The graph shows how many times (e.g., in how many instances) each attribute value appears in the data. If the data contains a class variable, class distributions for each of the attribute values will be displayed (like in the snapshot below). To create this graph, we used the Zoo dataset.
The Scatter Plot widget provides a 2-dimensional scatter plot visualization for continuous attributes. The data is displayed as a collection of points, each having the value of the x-axis attribute determining the position on the horizontal axis and the value of the y-axis attribute determining the position on the vertical axis. Various properties of the graph, like color, size and shape of the points, axis titles, maximum point size and jittering can be adjusted on the left side of the widget. A snapshot below shows the scatter plot of the Iris dataset with the coloring matching of the class attribute.

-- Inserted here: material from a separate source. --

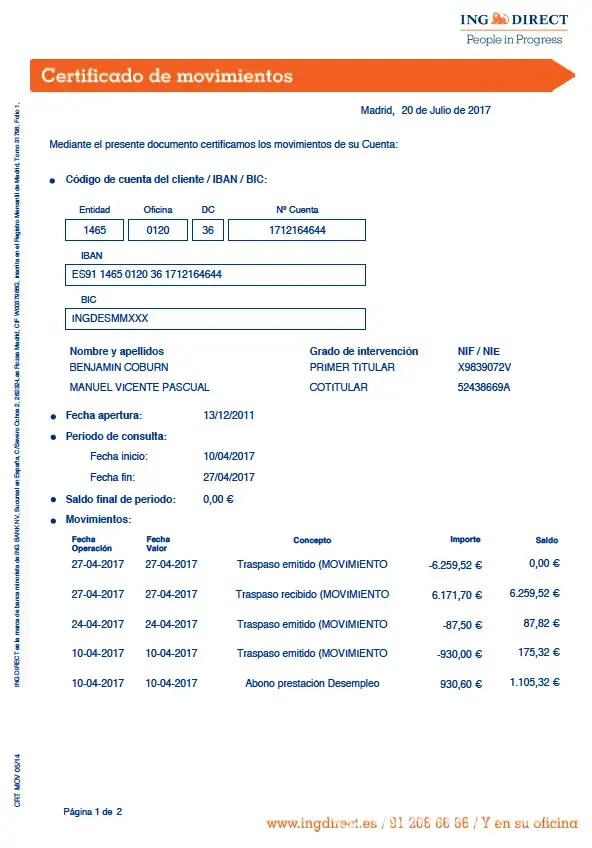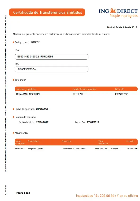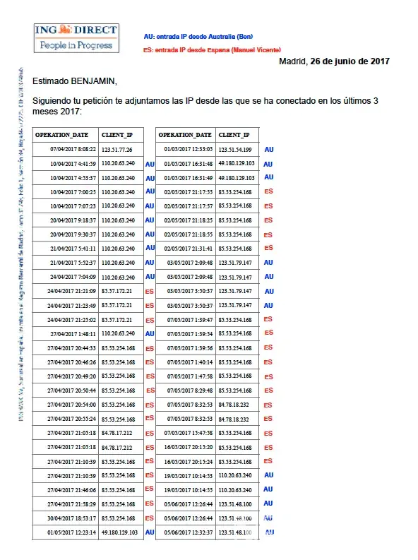 I have full proof of how it was done whereby he pretended to be me logging in from Spain and then moving the funds from my account to an old common account and from there to his LA Caixa personal account, then proceeding to close the common account.

Scatter Plot with Data Table
The Silhouette Plot widget offers a graphical representation of consistency within clusters of data and provides the user with the means to visually assess cluster quality. The silhouette score is a measure of how similar an object is to its own cluster in comparison to other clusters and is crucial in the creation of a silhouette plot. The silhouette score close to 1 indicates that the data instance is close to the center of the cluster and instances possessing the silhouette scores close to 0 are on the border between two clusters.
The Mosaic plot is a graphical representation of a two-way frequency table or a contingency table. It is used for visualizing data from two or more qualitative variables and was introduced in 1981 by Hartigan and Kleiner and expanded and refined by Friendly in 1994. It provides the user with the means to more efficiently recognize relationships between different variables.
Heat map is a graphical method for visualizing attribute values by class in a two-way matrix. It only works on datasets containing continuous variables. The values are represented by color: the higher a certain value is, the darker the represented color. By combining class and attributes on x and y axes, we see where the attribute values are the strongest and where the weakest, thus enabling us to find typical features (discrete) or value range (continuous) for each class.
Displays information on a selected dataset.
A simple widget that presents information on dataset size, features, targets, meta attributes, and location.
The Select Columns widget is used to manually compose your data domain. The user can decide which attributes will be used and how. Orange distinguishes between ordinary attributes, (optional) class attributes and meta attributes. For instance, for building a classification model, the domain would be composed of a set of attributes and a discrete class attribute. Meta attributes are not used in modeling, but several widgets can use them as instance labels.
The Rank widget scores variables according to their correlation with discrete or numeric target variable, based on applicable internal scorers (like information gain, chi-square and linear regression) and any connected external models that supports scoring, such as linear regression, logistic regression, random forest, SGD, etc. The widget can also handle unsupervised data, but only by external scorers, such as PCA.
The widget supports the creation of a new dataset by visually placing data points on a two-dimension plane. Data points can be placed on the plane individually (Put) or in a larger number by brushing (Brush). Data points can belong to classes if the data is intended to be used in supervised learning.
Aggregate Columns outputs an aggregation of selected columns, for example a sum, min, max, etc.
The Data Sampler widget implements several data sampling methods. It outputs a sampled and a complementary dataset (with instances from the input set that are not included in the sampled dataset). The output is processed after the input dataset is provided and Sample Data is pressed.
Pivot Table summarizes the data of a more extensive table into a table of statistics. The statistics can include sums, averages, counts, etc. The widget also allows selecting a subset from the table and grouping by row values, which have to be a discrete variable. Data with only numeric variables cannot be displayed in the table.
Correlations computes Pearson or Spearman correlation scores for all pairs of features in a dataset. These methods can only detect monotonic relationship.
How to load your data from explorer:
How to load external data from API in Orange?
Fetching data from The Guardian Open Platform.
Guardian retrieves articles from the Guardian newspaper via their API. For the widget to work, you need to provide the API key, which you can get at their access platform.